Ангелику затошнило. Почему никто ничего не скажет Эбигейл? Это же ненормально пить кровь другого человека! Не вампиры же! Но кроме Ангелики никто ничего не видел. Стивен, Кирк и синьор Дорети спали. Синьора Полетте находилась где-то между явью и сном, глаза ее были закрыты, но иссохшие губы двигались, будто молитву произносили.
– Не хочешь попробовать? – спросила Ангелику Эбигейл, размахнулась и вогнала крючок Винченцо под кожу. Винченцо застонал от боли и затрепыхал ногой, точно рыба на крючке. Хотя в какой-то мере так оно и было. Он и в самом деле находился на крючке.
– Здесь много крови, нам всем хватит, – сказала Эбигейл, присосавшись губами к коже Винченцо.
– Перестань. Перестань, – Ангелика хотела закричать, но изо рта вырвался только хрип, попыталась закрыть глаза, чтобы не видеть этого безобразия, надеялась открыть их и увидеть, что это был всего лишь сон, кошмар, рожденный измученным и теряющим остатки влаги мозгом.
– Глупая, – Эбигейл вырвала крючок из тела Винченцо, тем самым заставив того застонать еще громче. Винченцо зашевелился и попытался приподнять тело на руках, будто собирался вставать, и это ему даже удалось, он тряхнул головой, будто прогоняя наваждение, обернулся, посмотрел на Эбигейл затуманенным взглядом и снова плюхнулся на дно лодки.

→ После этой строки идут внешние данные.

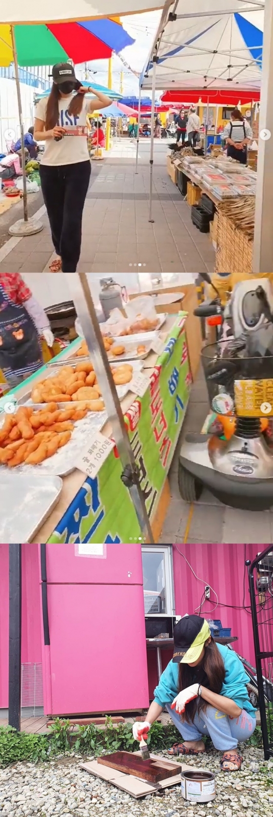 신발도 안 갈아신고.. #페인트칠 #니스칠 #가평5일장 #지압 슬리퍼 #여배우의 일상 #가평 주민 #거지 패션"이라는 글과 함께 동영상과 사진을 게재했다.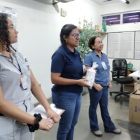 Em São Paulo, Maracanaú e Natal, já começou a entrega do kit sustentável, composto por um copo e uma caneca de fibra de arroz. Esse material sustentável é biodegradável e possui vida longa, durando por anos. Ou seja, o funcionário pode usá-los no seu espaço de trabalho no dia a dia, fazendo a higienização necessária, e os itens vão durar por muito tempo.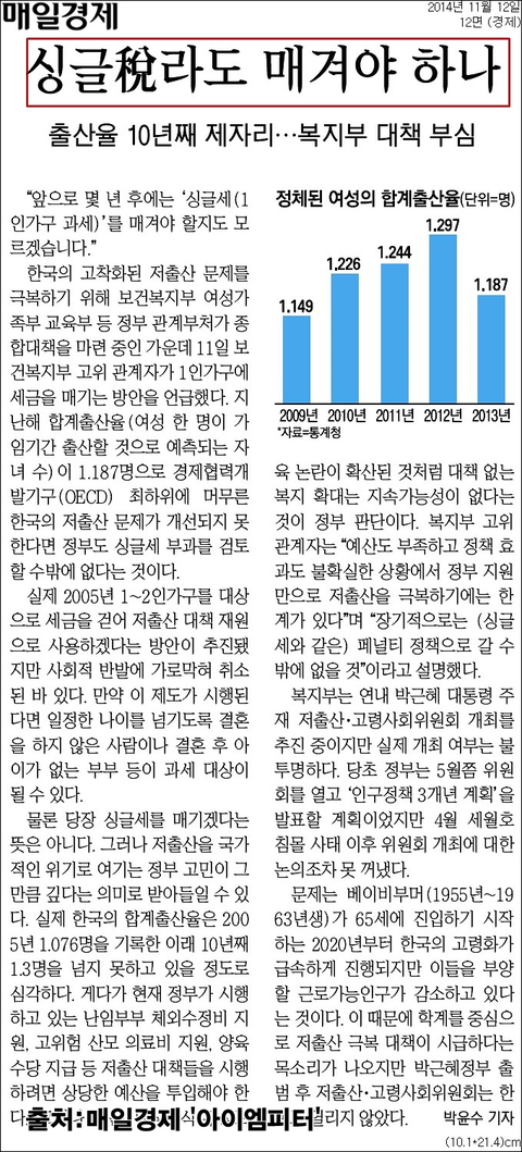 때아닌 싱글세 논란이 불거지고 있습니다. 11월 12일 자 매일경제 신문 12면에 '싱글세라도 매겨야 하나'라는 기사에서 시작된 싱글세 논란은 실시간 검색어 1위에 올랐고, SNS에서는 온종일 싱글세 비판이 끊이지 않았습니다.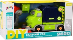 Zabawna i edukacyjna rysunkowa śmieciarka do samodzielnego montażu dla dzieci od 3 lat. Dzięki dołączonej wiertarce elektrycznej i narzędziom dzieci mogą samodzielnie rozkładać i składać pojazd, rozwijając małą motorykę, logiczne myślenie oraz kreatywność. W zestawie znajduje się kosz na śmieci oraz obracające się „szczotki” do realistycznej zabawy w sprzątanie i recykling.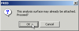 Select the appropriate surface or source for attachment select OK to accept and close the dialog. As with the drag and drop, a warning dialog will be displayed asking for an override if the analysis plane is already attached.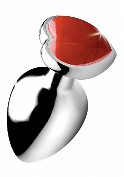 Energize your backdoor with this Red Jasper Heart! This metallic butt plug features an energetic Red Jasper gem to stir up passion and your supplement your inner strength. Stimulate your creativity, courage, and sexual energy - perfect for beginners and experts alike!

Эбигейл в тот же миг легла рядом, коснулась губами раны на ноге Винченцо и принялась сосать кровь. Отвращение исказило лицо Ангелики при виде блаженства, появившегося на лице Эбигейл.
– Что вы раскричались? – послышался голос синьоры Полетте. – Спать не даете. Ты что делаешь, Эбигейл?
– Я нашла замену воде, – Эбигейл открыла рот и показала кровь на языке.
– Ты что?! Спятила?! Отодвинься от Винченцо, и чтобы я этого больше не видела. Мы же люди, а не животные. Даже в таких ситуациях, как наша, мы должны оставаться людьми. Если бог пошлет нам смерть, мы примем ее, ибо такова воля его. Примем как люди. Осознающие и здравомыслящие, несломленные и человечные. Отойди тебе говорю от Винченцо. Оставь его в покое. Не тревожь его душу даже в столь тяжелый для нас час.
Удивительно, но Эбигейл ничего не сказала, послушалась и отодвинулась от Винченцо, правда, перед этим успела стереть пальцем кровь с его ноги и сунуть палец в рот.
– Мы – люди, – синьора Полетте легла на спину и закрыла глаза, – и перед смертью должны оставаться людьми, а не превращаться в животных. Умереть человеком более подобно человеку, чем выжить, но при этом стать животным… Отец наш милостивый, если на то воля твоя, мы умрем, но одного прошу тебя, пошли нам быструю смерть, не заставляй нас испытывать муки жажды. Только об этом тебя прошу, ни о чем более. Ни о чем более. Аминь, – синьора Полетте умолкла, и над лодкой повисла тишина.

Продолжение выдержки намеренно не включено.